Действительно, после ужина Анна Михайловна сказала:

– Пойдемте ко мне.

Они вошли в маленький будуар, где на рабочем столике лежал несессер. Анна Михайловна вынула маленькие кривые ножницы.

– Сядь-ка на тумбу.

Глеб покорно сел на пуф.

– Подыми свой носище.

Глеб так же покорно запрокинул лицо, и Анна Михайловна своими ножницами глубоко залезла в самый нос Глеба.

– Вот, видишь, сколько здесь. Ведь в тебя ни одна барышня не влюбится. Ну, что, если бы вместо Федора Андреича ты бы привел какую-нибудь блондиночку?

– Мамочка, ты говоришь пошлости.

– Вовсе нет. Вы знаете, этот великий философ считает меня вульгарной, он презирает нас. А разве не вульгарно, если из носа торчит щетина? Ну, теперь наклони-ка голову, покажи затылок.

Тонкие руки в кольцах стали с нежностью перебирать волосы Глеба.

– Милый мой! Ты мыл голову эликсиром, который дал нам доктор Исаев?

– Ах, мамочка…

– Ну, конечно, нет. Но ведь к 25 годам ты будешь совершенно лысым, разве так можно, надо же немножко следить за своей наружностью, ведь нельзя же жить только философией! Пойдемте-ка!

Все пошли в ванную. Ванная комната доверху была выложена белыми изразцами. Около мраморного умывальника с зеркалом висели мохнатые простыни, а на специальной полочке лежало несколько кусков мыла разных сортов: миндальное, дегтярное, вазелиновое, темно-зеленое и красное. Тут же стояли флаконы с сосновой эссенцией, зубной эликсир, зубная паста. Вся ванна сверкала белизной. Опять Федя поневоле сравнил этот храм чистоты с их узкой ванной, выкрашенной в черный цвет, служившей одновременно уборной, где не было ничего, кроме зубных щеток, зубного порошка и суровых полотенец, и где висел огромный серый мешок, куда складывалось грязное белье.
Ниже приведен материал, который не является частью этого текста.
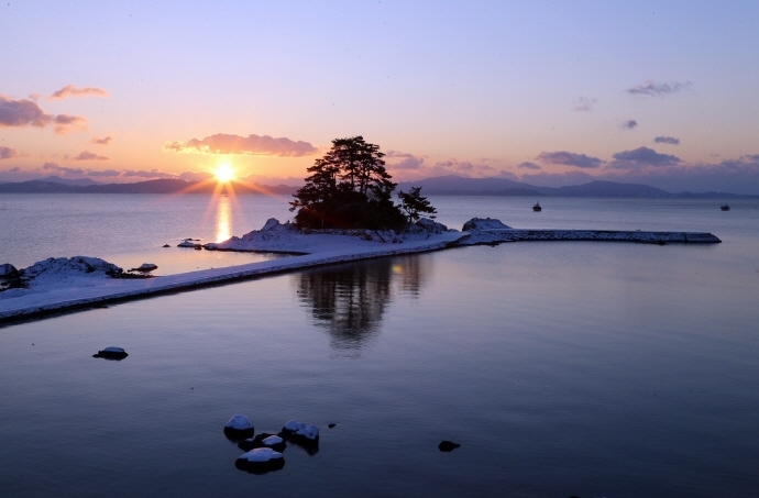 장흥군, 눈 덮인 소등섬 찬란한 일출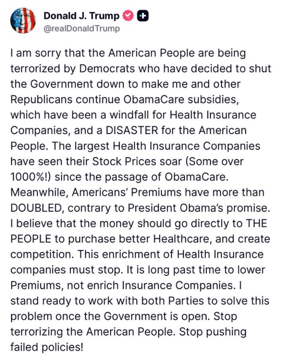 «Акции крупнейших страховых компаний выросли в цене (некоторые более чем на 1000%!) с момента принятия Obamacare. Между тем страховые взносы американцев более чем удвоились, вопреки обещаниям Обамы», — написал Трамп.
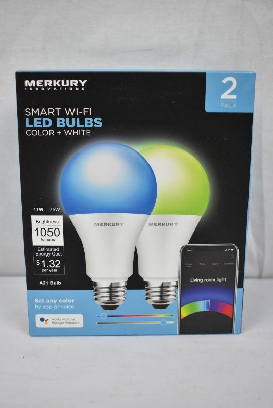 Merkury Innovations A21 Smart Light Bulb, 75W Color LED, 2-Pack - New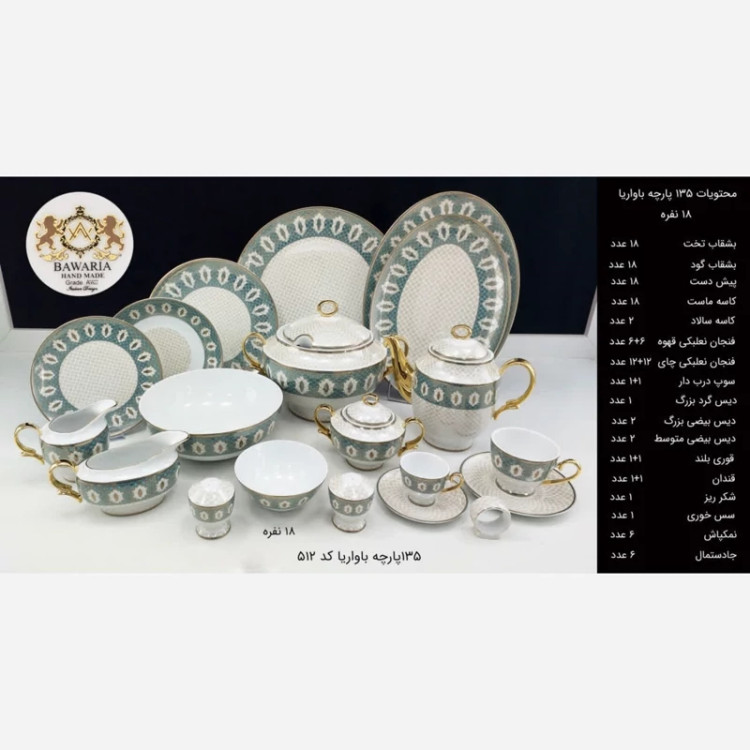 این سرویس 135 پارچه شامل اقلام زیر می باشد: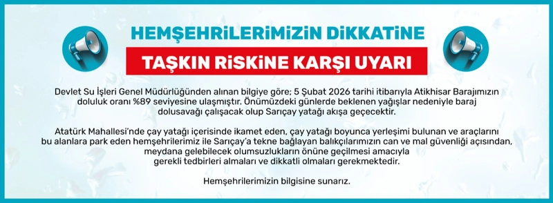 Atatürk Mahallesi'nde çay yatağı içinde ikamet eden, bu alanlarda yerleşimi bulunan veya araçlarını park eden vatandaşlar ile Sarıçay'a tekne bağlayan balıkçılar, can ve mal güvenlikleri açısından gerekli tedbirleri almak ve dikkatli olmak konusunda uyarıldı. Meydana gelebilecek olumsuzlukların önüne geçilmesi amaçlanıyor.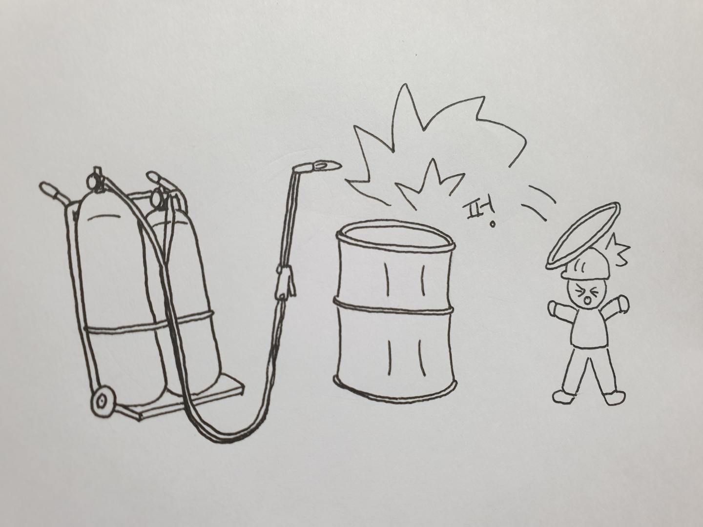 2022년 2월 25일 12시 55분경, 울산광역시 소재 비금속 광물제품 제조업 공장 내에서 산소절단기를 가동한 상태에서 토치를 드럼위에 올려놓았다가 유증기에 의해 드럼용기가 폭발하며 재해자가 뚜껑에 맞아 사망했다.

Анна Михайловна засучила рукава, Глеб нагнул голову над белым тазом, и она собственноручно вымыла ему голову шампунем, а затем взяла один из флаконов и стала втирать эссенцию в кожу головы, под самые корни волос. Потом она достала чистое полотенце и очень искусно завязала им голову Глеба, так что полотенце, как шапка, покрывало все волосы, и завязала полотенце в тугой узел на затылке.

– Помни, что полотенце нельзя снимать полчаса.

С завязанной головой длинный Глеб имел очень комичный вид. Федя с недоумением следил за всеми движениями этой красивой, энергичной женщины с такими сверкающими глазами и поневоле сравнивал ее с<о> своей матерью в черном платье, в переднике, с очками на коротеньком носу. Бедная мама! Зачем он так часто грубил ей! Глеб вот терпит все, а попробовала бы его мать вымыть ему голову! Он никогда не сможет назвать свою мать «мамочка», нет, это уже потеряно навсегда, но он может быть немножко ласковее. Вот Глеб опять целует руки матери, теперь он целует в ладонь. Он заметил, что Глеб целует руку в самые разные места – от мизинца до локтя. Какой он ласковый! Да, это русская семья, здесь все ласковы, а у них немецкая семья, каждый смотрит волком. Федя вспомнил ужасное «заведи часы», которое все еще продолжалось, и его всего передернуло.

Из ванной Федя и Глеб пошли в комнату Глеба. Глеб повернул выключатель, и Федя увидел небольшую темно-синюю комнату. Белая лампа из прозрачного мрамора облила мягким светом шведские полки с книгами, стол, очень обыкновенный, и на столе цветы, небрежно засунутые в вазу, несколько мягких стульев и диван.

Глеб зажег настольную лампу, и они сели.

– Чей это портрет у вас здесь?

– Это портрет неизвестной, репродукция. Я привез это из Англии. Это – Вистлера[89]. Вы посмотрите.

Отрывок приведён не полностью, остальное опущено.